THE DATA -
^^^^^^^^
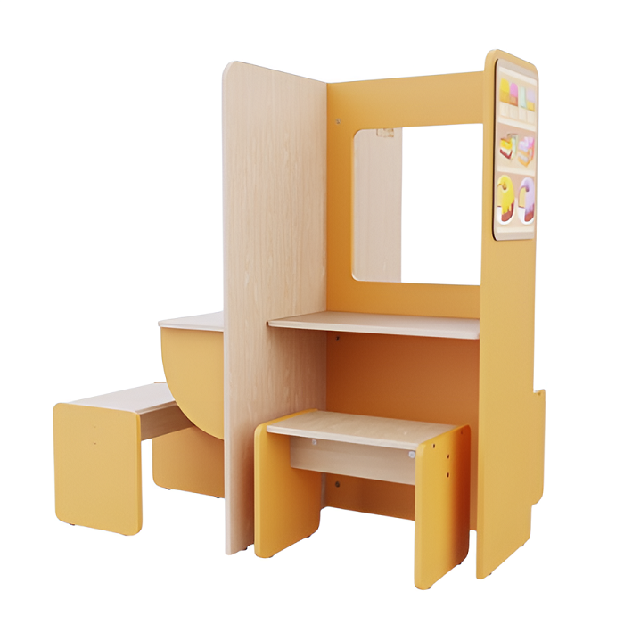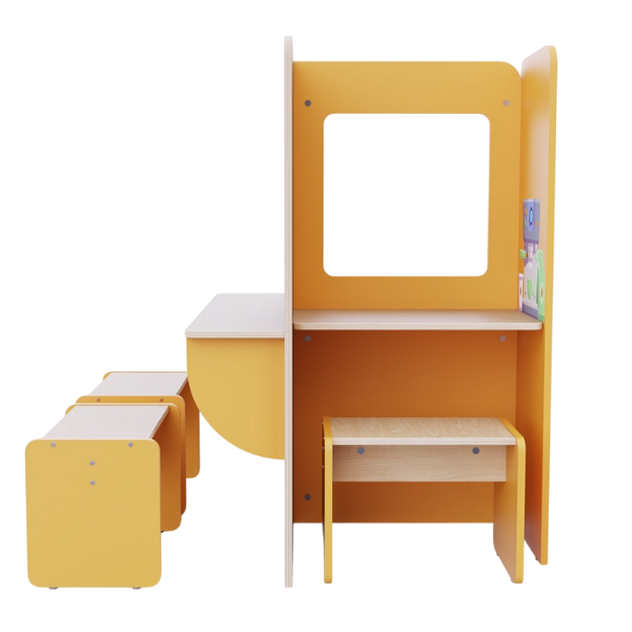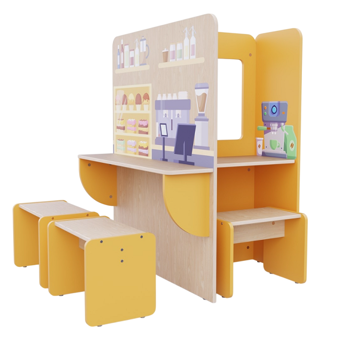 Пространство для сюжетно-ролевых игр в детских садах и дошкольных учреждениях, чтобы дети могли в приближенном к реальности пространстве попробовать себя в роли бариста, кассира и посетителя.
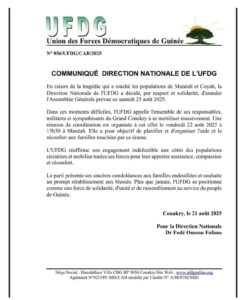 En raison de la tragédie qui a touché les populations de Manéah et Coyah, la Direction Nationale de l’UFDG a décidé, par respect et solidarité, d’annuler l’Assemblée Générale prévue ce samedi 23 août 2025.
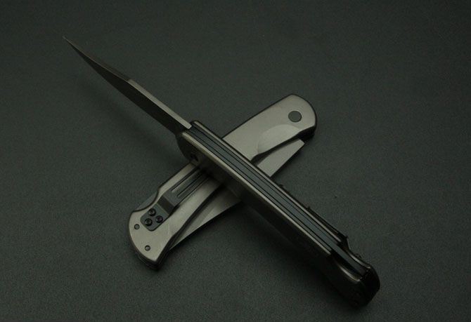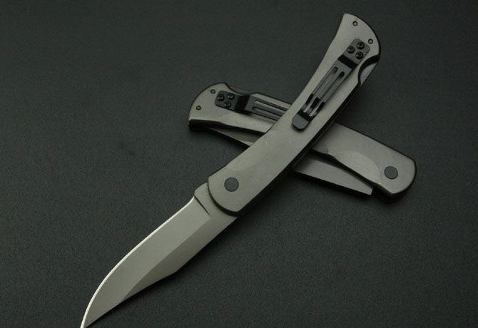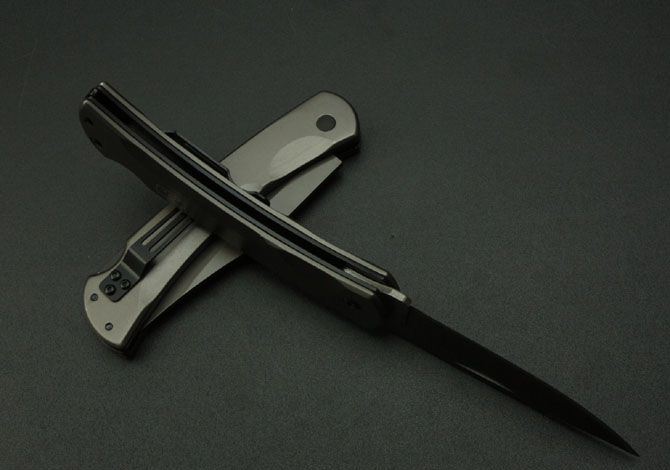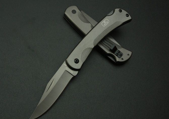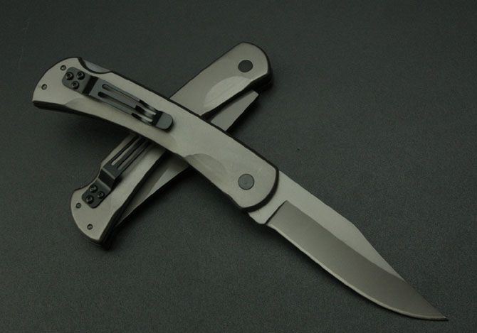 巴克—B41全钢折刀 全长:21.5cm 刃长:8.7cm 柄长:12.2cm 刃厚:2.8mm 刃材: 5Cr13 柄材: 全钢 硬度: 56HRC 重量:240克(含刀套) 表面处理:灰钛 锁型:制尾
^^^^^^^^
PROMPT - Pick up at the line containing "En raison de" and copy each line exactly until the data ends, including that last line; copy no pictures.

FINAL ANSWER -
 En raison de la tragédie qui a touché les populations de Manéah et Coyah, la Direction Nationale de l’UFDG a décidé, par respect et solidarité, d’annuler l’Assemblée Générale prévue ce samedi 23 août 2025.
 巴克—B41全钢折刀 全长:21.5cm 刃长:8.7cm 柄长:12.2cm 刃厚:2.8mm 刃材: 5Cr13 柄材: 全钢 硬度: 56HRC 重量:240克(含刀套) 表面处理:灰钛 锁型:制尾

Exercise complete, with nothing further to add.